As a historical anecdote, Coze used to encode with Hex, because it is more human readable, Hex is always twice as large as the binary form, and it doesn't need padding. On the other hand b64ut does not have a static multiplicative relationship with binary, is less human readable, and for a few edge cases padding can be useful. After considering the message size savings, we dropped Hex in favor of RFC b64ut.

Satoshi had the same concerns with base64 and thus base 58. We decided that RFC base64 is good enough and that implementing an alternative base conversion system would be more trouble than it's worth. That has not stopped others from doing so (See Keybase's solution is linked with others at the bottom of the base conversion tool) If we had chosen a different base conversion method, I would have liked to use a higher base (like a base 91 alphabet) which results in shorter sized messages. However, then character escaping become an issue. At that point, a purely binary form of Coze would be better. Base64 is "right sized", it has enough characters to make messages reasonable short, while not having so many that it requires an excessive amount of escaping for various applications.

zamicol commented 1 year ago

I don't mean "close the issue" for no more feedback, but I don't believe this is a concern. (I'm a bit of a GitHub dunce, please forgive any of my social blunders done by clicking green buttons.)

I appreciate you reading Coze and poking holes into it. This is exactly what needs to be done, and I want to motivate skepticism as much as I can.

peterbourgon commented 1 year ago

How is the URI encoding non-standard?

You use base64.URLEncoding. That is described as

URLEncoding is the alternate base64 encoding defined in RFC 4648. It is typically used in URLs and file names.

whereas base64.StdEncoding is described as

StdEncoding is the standard base64 encoding, as defined in RFC 4648.

Padding characters help satisfy length requirements and carry no other meaning. It's always possible to determine the length of the input unambiguously from the length of the encoded sequence.

As far as I can tell, this is a mis-reading of the relevant requirements, and not correct. It is only possible to unambiguously decode a base64 encoded string in isolation if padding characters are included. If padding characters are elided, then it is only possible to unambiguously decode that string if the length is communicated out-of-band.

Quoting https://www.rfc-editor.org/rfc/rfc4648#section-3.2

   In some circumstances, the use of padding ("=") in base-encoded data
   is not required or used.  In the general case, when assumptions about
   the size of transported data cannot be made, padding is required to
   yield correct decoded data.

   Implementations MUST include appropriate pad characters at the end of
   encoded data unless the specification referring to this document
   explicitly states otherwise.

zamicol commented 1 year ago

base64.StdEncoding

It's a matter of semantics. base64.URLEncoding is standardized by the same RFC. We've dubbed it more specifically b64ut. Even though it's not what the RFC names as the standard alphabet, URI encoding is standardized formally by that RFC 4648.

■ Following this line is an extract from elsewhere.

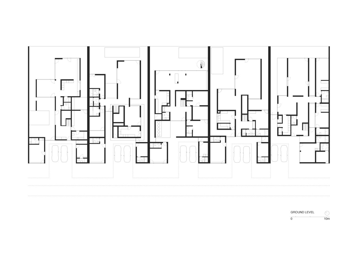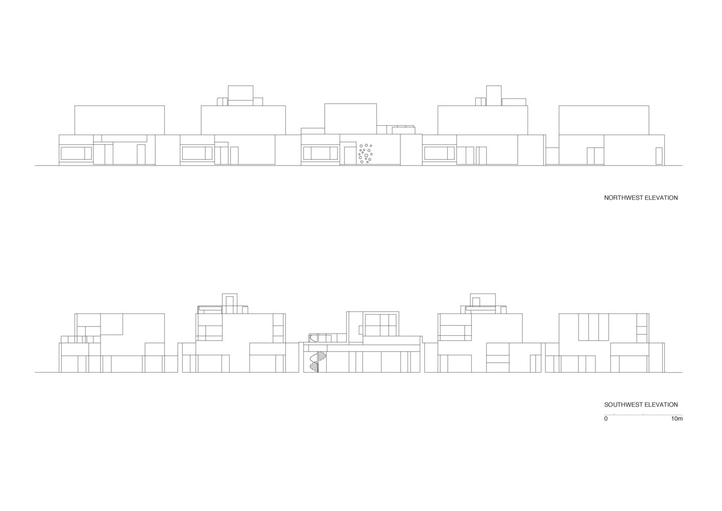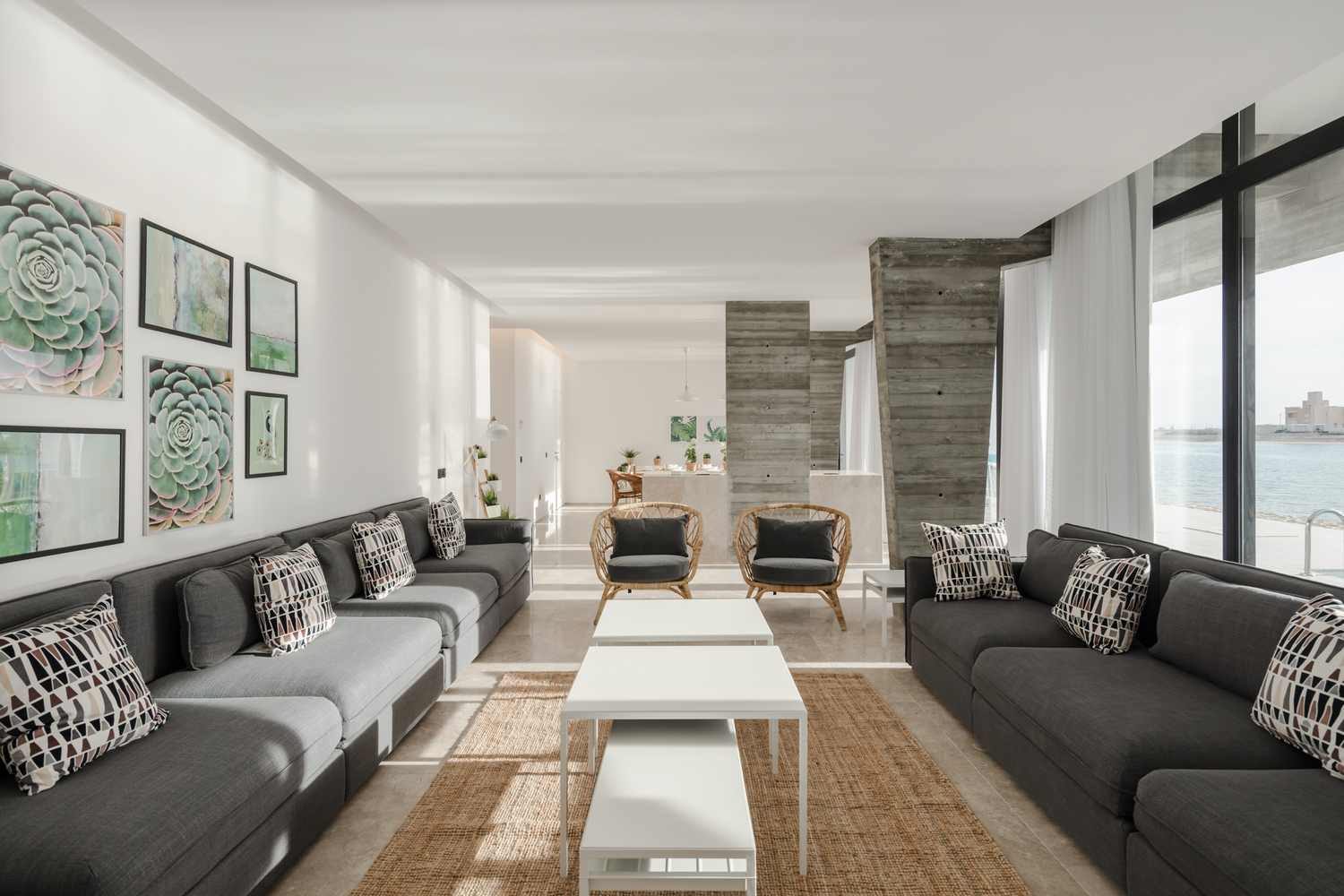 這個(gè)開(kāi)發(fā)項(xiàng)目旨在延長(zhǎng)可可接近的海岸線長(zhǎng)度,讓大海流進(jìn)沙漠,創(chuàng)造出一系列由多個(gè)碼頭和船塢相連的運(yùn)河,并受到許多其他娛樂(lè)活動(dòng)的激活。這五個(gè)住宅的地塊坐落在可俯瞰大海的其中一條內(nèi)運(yùn)河旁。因此將主要日常生活區(qū)與海灘、外部庭院、花園和泳池區(qū)域相連。這些相互連接底層空間讓居住者可以在其間自由穿梭,欣賞運(yùn)河的獨(dú)有景色,使整體空間的流動(dòng)性最大化,并用舒適的方式將室內(nèi)外聯(lián)系起來(lái),某種意義上突破了地塊限制。在地塊的另一側(cè),在入口旁邊是為客人提供的一個(gè)正式社交聚會(huì)場(chǎng)所。

We especially felt the need to dub it b64ut to avoid confusion with the generalized arbitrary base 64 which uses the "iterative divide by radix" method and is sometimes equal to RFC base64.

The JOSE JWS RFC specifically addresses that:

As per the example code above, the number of '=' padding characters that needs to be added to the end of a base64url-encoded string without padding to turn it into one with padding is a deterministic function of the length of the encoded string. Specifically, if the length mod 4 is 0, no padding is added; if the length mod 4 is 2, two '=' padding characters are added; if the length mod 4 is 3, one '=' padding character is added; if the length mod 4 is 1, the input is malformed.

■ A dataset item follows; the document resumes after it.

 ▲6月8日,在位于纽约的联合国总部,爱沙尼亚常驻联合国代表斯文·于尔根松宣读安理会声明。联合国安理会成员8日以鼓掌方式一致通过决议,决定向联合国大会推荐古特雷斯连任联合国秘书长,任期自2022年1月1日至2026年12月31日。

And that is correct. Padding is always deterministically recreatable as long as the original message is given.

RFC 4648 is basically referring to streaming, where the original message may not be given, and I think it's one of the more confusingly worded section. If a stream ends mid stream, without padding it may not be known that the stream ended or if there's an error. For batch processing, this isn't relevant. Firstly, the transport (TCP) will most likely error, then JSON itself will be malformed, the digest will be bad, and the cryptographic signature will not be valid. There's many layers of defense against having to worry about padding in Coze.

peterbourgon commented 1 year ago

It's a matter of semantics. base64.URLEncoding is standardized by the same RFC. We've dubbed it more specifically b64ut. Even though it's not what the RFC names as the standard alphabet, URI encoding is standardized formally by that RFC 4648.

"Standard" does not mean "any one of the alphabets defined by the authoritative RFC", it means "the specific alphabet denominated as Standard by the authoritative RFC", which is explicitly not the URI encoding.

The JOSE JWS RFC

Where is this RFC referenced?

Padding is always deterministically recreatable as long as the original message is given . . . RFC 4648 is basically referring to streaming, where the original message may not be given, and I think it's one of the more confusingly worded section. If a stream ends mid stream, without padding it may not be known that the stream ended or if there's an error.

None of these claims are correct. Padding is not deterministically re-createable, because "the original message" is not guaranteed to be knowable by a given recipient. Neither does RFC 4648 apply only to "streaming" use cases.

I'll disengage at this point.

zamicol commented 1 year ago

The JOSE JWS RFC 7515 which also doesn't use padding. See in particular Appendix C.

is not guaranteed to be knowable by a given recipient

We wrote the Coze spec assuming that systems can can calculated the length of the digests given in messages, but even if that capability is not present in a particular system, that system still can use JSON validation, digests, or cryptographic verification to ensure message are well-formed. So even for systems that for some reason cannot calculate the length of the base 64 messages, padding is still not needed.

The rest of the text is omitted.